* U.N. rights boss Navi Pillay warns about rising fanaticism
* Condemns attacks on religious minorities worldwide
* Recent deadly attacks in Egypt, Nigeria and Pakistan
By Stephanie Nebehay
GENEVA, Jan 7 (Reuters) - Attacks on religious minorities in places like Egypt, Nigeria and Pakistan should serve as a wake-up call to authorities everywhere to combat rising fanaticism, the top U.N. human rights official said on Friday.
All countries have a moral and legal duty to protect freedom of religion by quashing sectarian violence and rooting out discriminatory laws that can lead to full-fledged conflict, said Navi Pillay, United Nations High Commissioner for Human Rights. "Attacks on churches, mosques, synagogues, temples and other religious sites around the world, as well as targeted attacks against individuals, should act as a wake-up call to all of us," Pillay said in a statement.
Christians, Muslims, Sikhs and Ahmadis have been targeted in the past year, according to Pillay, a former war crimes judge. She specifically condemned attacks in Egypt, Iran, Iraq, Indonesia, Malaysia, Nigeria and Pakistan. She did not single out particular faiths for blame, but the examples she cited were mostly of Muslim countries where Christian minorities or rival Muslim sects have been targeted.
"I am concerned that divisive or weak state laws and policies in many countries foster the religious discrimination that feeds extremism. It is also vital that authorities discourage the exploitation of religions for political agendas."
In the Egyptian port city of Alexandria, a New Year's Day bombing killed up to 23 Christian worshippers leaving a Coptic church, raising fears of further attacks. Officials suspect an al Qaeda-inspired bomber. [ID:nLDE7051QS]

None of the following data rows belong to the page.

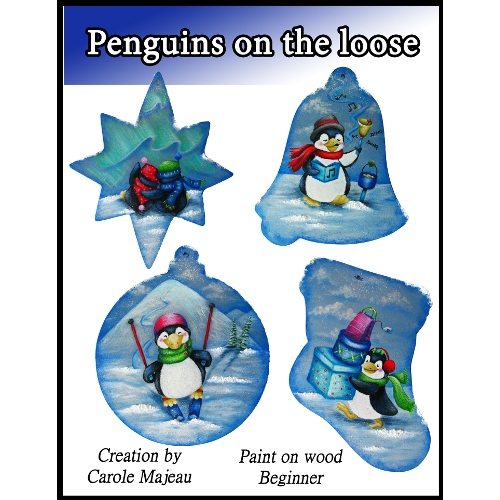 Pattern of acrylic on wood using 4 wood pièces of 9" high : Christmas stocking, Bethlehem Star, Bell and round Christmas ball. Beginner level. By Carole Majeau.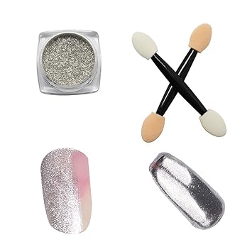 Selftek Nail Art Pure Pulver Magie Spiegel Nagel Glitzer Regenbogen Pigment Pulver Mit Schwamm Stick Silber Amazon De Beauty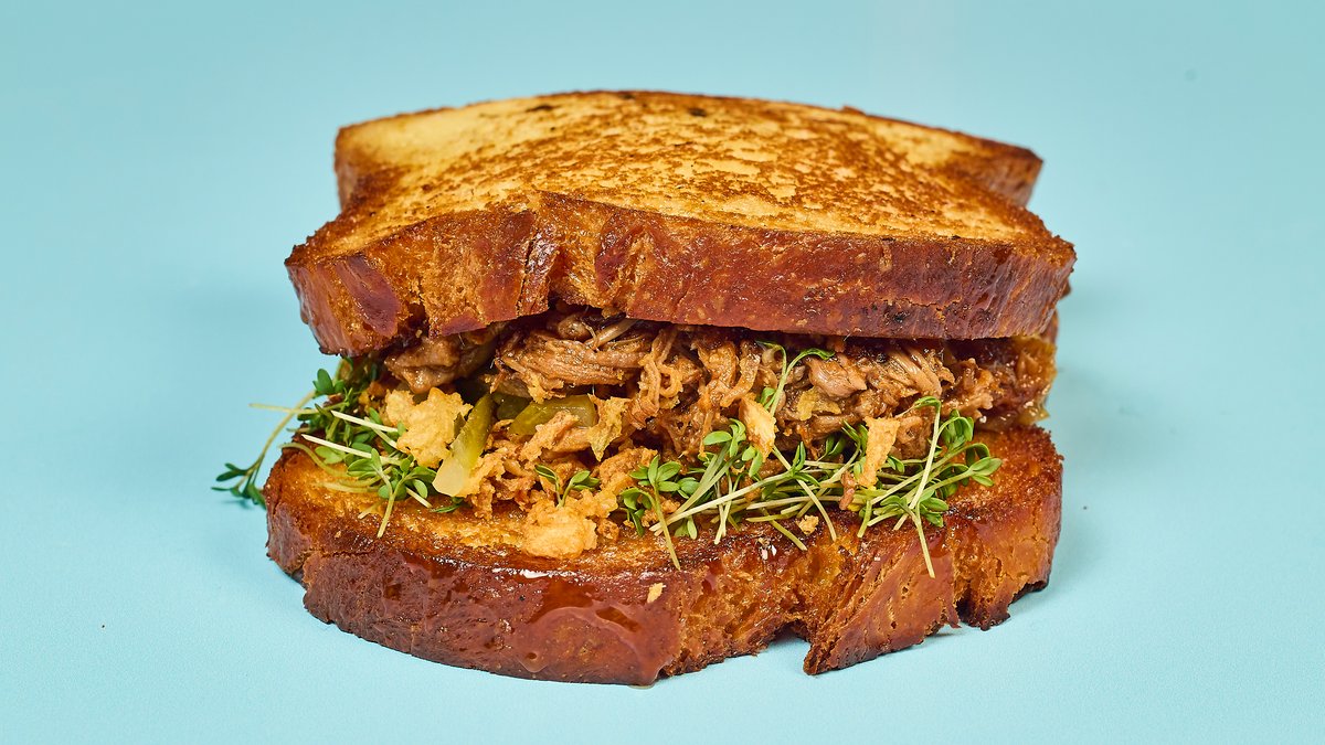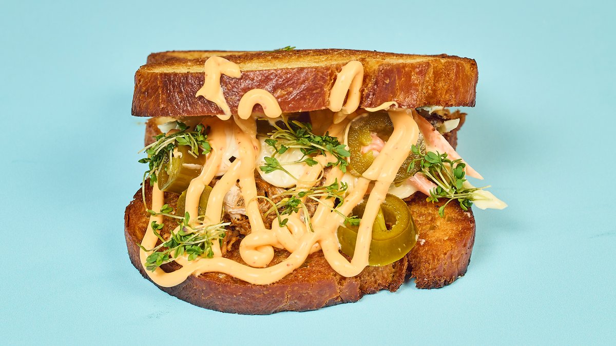 with pulled beef, braised onions, garlic mayonnaise, spicy mayonnaise and fried onions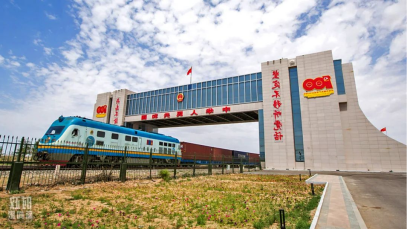 △2021年7月,一列中歐班列駛?cè)攵B浩特國門。(圖/視覺中國)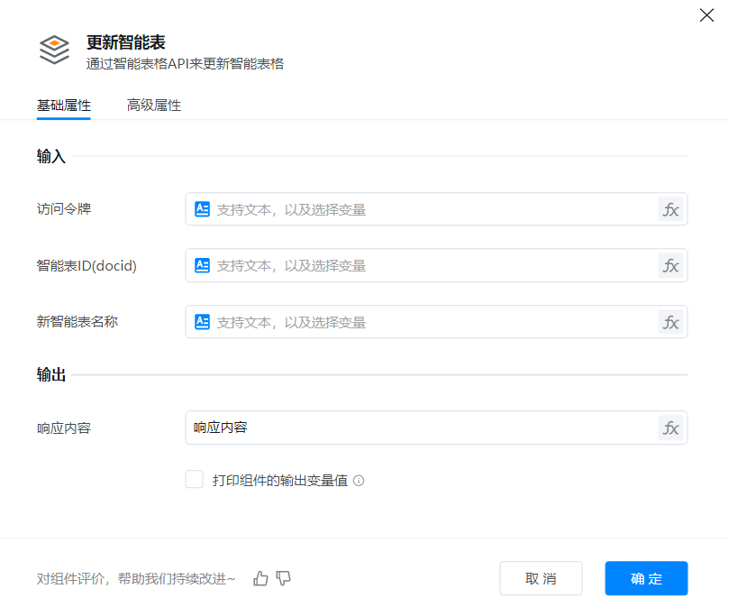 实现更新企业微信中指定智能表的名称,本组件与下图操作实现效果一致

Islamist websites have carried threats against Egyptian Christians before and since that attack, which followed a deadly siege of a church in Baghdad in October by al Qaeda-linked militants who said they would also target Christians in Egypt.
In Nigeria, police last week arrested 92 suspected members of the Boko Haram radical Islamist sect, which wants strict Islamic law imposed throughout the country. [ID:nLDE6BUOE3]
The group has claimed responsibility for Christmas Eve church bombings and other attacks in the central city of Jos and the northern city of Maiduguri that killed around 100 people and led to violence between Muslims and Christians.
Religious minorities in nuclear-armed Pakistan have also been subjected to an increasing number of attacks, Pillay said.
In Malaysia, attacks on churches led to retaliation attacks on a mosque and several Muslim prayer rooms in January 2010.